The Iraqi Impasse
Unbeknownst to you, dear reader, quarantined in the shelter of your home, is that about seven thousand miles away, in Iraq, there exist a throng of apoplectic protesters refusing to return to the sanctuary of their homes because they have yet to triumph in a battle; a battle against systemic corruption, sectarian auspices, and political bartering. A battle they do not intend to lose.
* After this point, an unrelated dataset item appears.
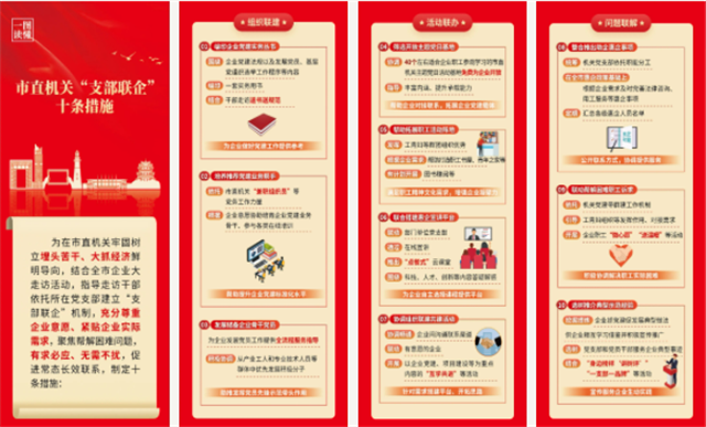 創新制定“支部聯企”十條措施,指導70個黨組織與906家企業建立常態聯系,通過組織聯建、活動聯辦、問題聯解,編印“支部聯企”叢書2000余套,協調80個市直機關主題黨日活動基地向企業開放,協力幫解企業困難問題1400多個。

Fatigued by the clandestine operations of foreign powers and furious with the corrupt web of patronage within their government, Iraqis took to the streets in October 2019 to voice their indignation. What began as a cry for better services and a termination of corruption morphed into a sweeping rejection of the system. As protesters continue to congregate despite the COVID-19 curfews, it remains unlikely that their demands will be met.
THE BACKSTORY
In September 2019, Prime Minister Adel Abdul Mahdi, with his lips zipped stubbornly shut, demoted the Iraqi citizen’s beloved commander of elite counterterrorism forces to the Department of Ministry. The controversial decision ignited allegations of purging a coalition that threatened Iranian-backed politicians. As social media platforms erupted with criticism, the popular uprising quickly ballooned into a major threat to Iraqi leadership, rattling the political elite.
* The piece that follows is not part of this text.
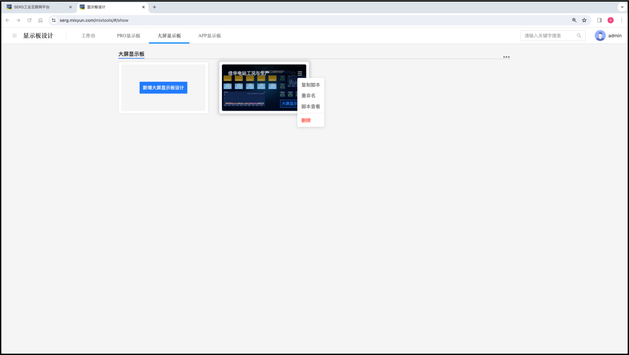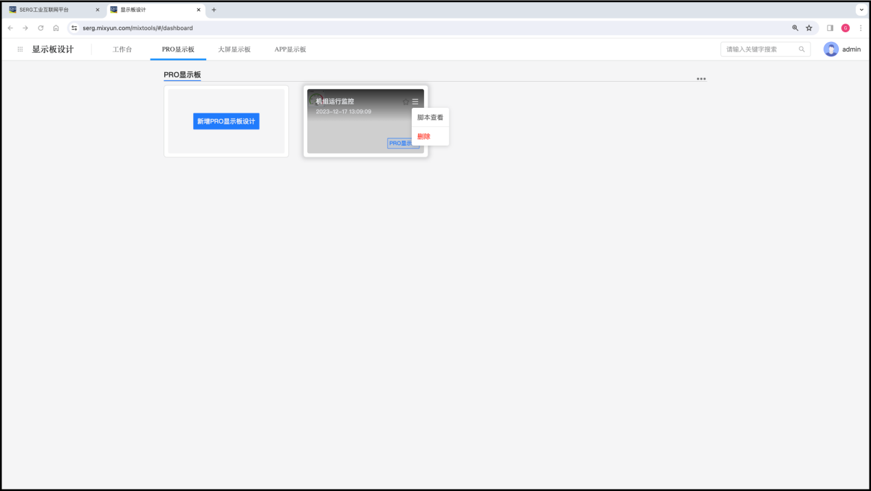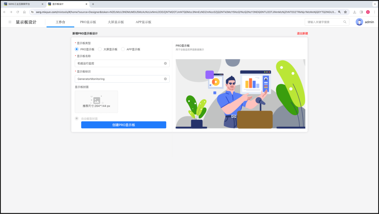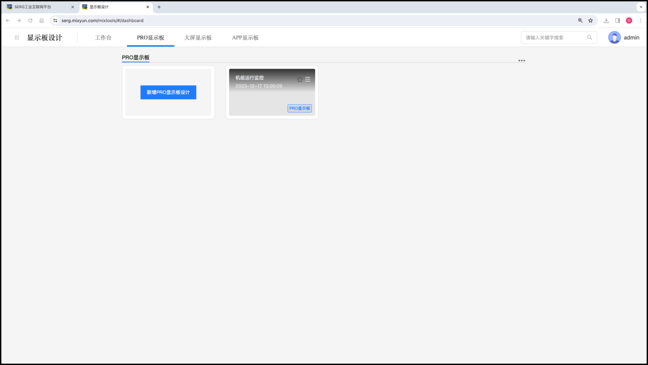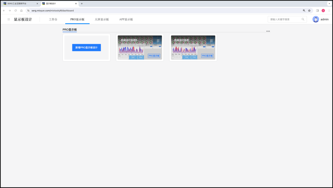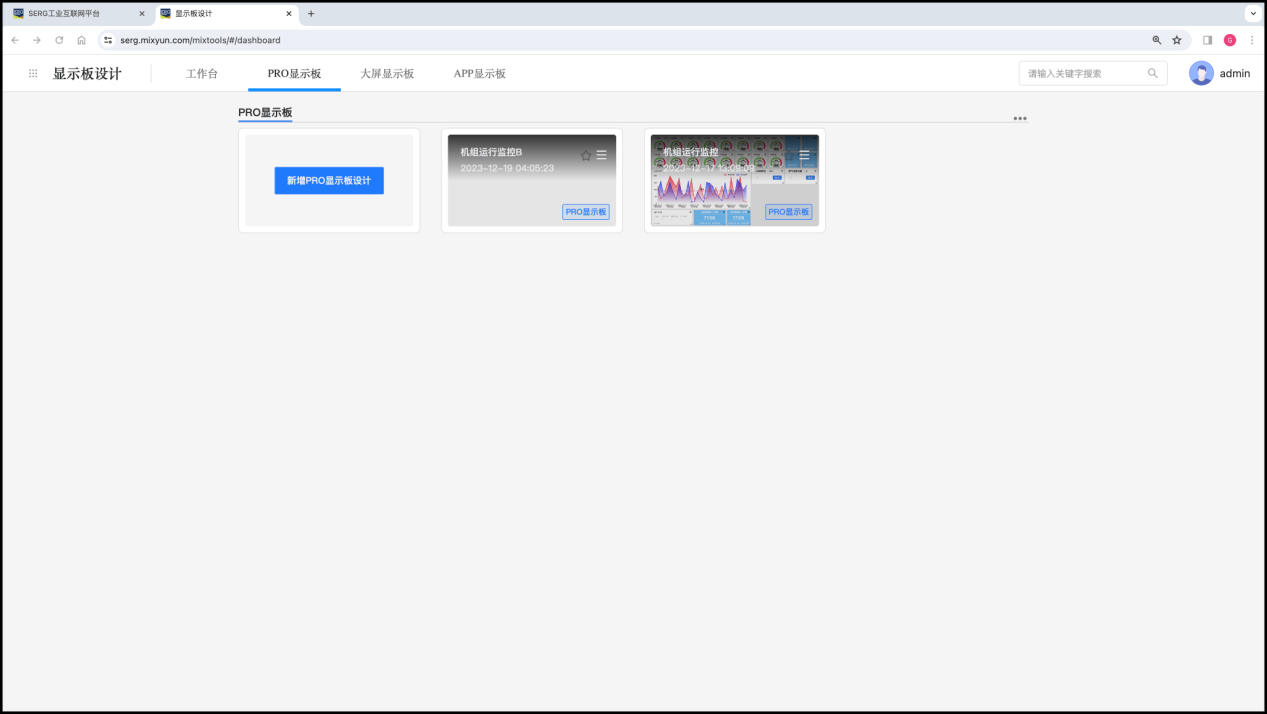 “显示板设计” 应用有4个栏目,分别是:工作台、PRO显示板、大屏显示板和APP显示板。

The government’s violent response towards civilians has induced a moral uproar. Rebels are already vexed by the siphoning off of oil revenues to the upper echelons of society, leaving little for education, job creation, and infrastructure. PM Mahdi resigned on November 29, 2019, but the ensuing ethno-sectarian division between the parliamentary blocs has paralyzed the legislature.
A TRIP BACKSTAGE
While Iraq has been maturing as a democracy, the political dynamism of the system functions much like a nondemocracy. As in nondemocratic regimes, corruption becomes a feature of the market, a means to appease the leader’s allies to maintain his own power. Other than corruption, the ruler resorts to taxation, foreign aid, or revenues from natural resources (in Iraq’s case, oil). This philosophy is one of the many in Bueno de Mesquita and Alastair Smith’s The Dictator’s Handbook. In a nutshell, their Machiavellian analysis of political systems is that good policy need not mean good politics.
Iraq’s leaders have kept the elite satisfied by taking from the Iraqi people, but this corruption has become so rampant that it has pushed the population beyond its tipping point. The uprising has been fueled by the prospect that civilians have so little to lose that they are undeterred by the possibility of punishment. Perpetrator research can provide the rationale behind how a country’s own security forces can turn their backs on their own citizens—in light of the stunning momentum of the recent uprisings, courts have labeled violent suppression as “acts of counterterrorism” to justify the killing and maiming of rebels. Popular uprisings, however, remain unsuccessful without the support of some kind of elite or foreign power, which the Iraqi citizens do not have.
BACK TO THE FUTURE
Mahdi is currently back in office as a “volunteer absentee” managing governmental affairs until a new government is formed. With the current coronavirus pandemic coupled with a sharp decline in oil prices threatening to increase the country’s budget deficits, and Mahdi’s de facto continuation of power bringing the Iraqi protests to an all-time high, Iraq currently teeters at a critical political precipice. Demonstrators in Tahrir square declared that they will accept any leader except Mahdi and allow for enough time for the new candidate to implement their manifesto of systemic changes.
COME BACK HOME, AMERICA?
Ever since the rise of the Islamic State (or ISIS), U.S. troops have utilized the Arab state as a tool to promulgate its anti-Iran sentiments, reflective in confrontational Trumpian foreign policy. In light of the recent protests, U.S. embassies in Iraq have faced attacks from Iran-backed Popular Mobilization Forces (PMF), and the assassination of Qasem Soleimani has only amplified anti-American sentiments.
While the United States should not remain in Iraq long-term, sudden withdrawal is not the answer either. The U.S. should take the opportunity to profit off of continued engagement and adopt a more diplomatic policy towards Iraq by helping to stabilize the unconsolidated democracy through investment, trade and scientific exchange. If history, like the Marshall Plan 70 years ago, has taught us anything, it is that sidelining the need for primacy and focusing on rebuilding the fractured political system will serve as a much better use of U.S. power in the long run.
CONCLUSION
While the outside world is battling a panic of an unknown degree, the Iraqi people are battling a world of panic inside themselves. Think back to the wounded rebel, the threatened politician, or the homesick U.S. soldier.
Feels pretty good to be the reader, doesn’t it?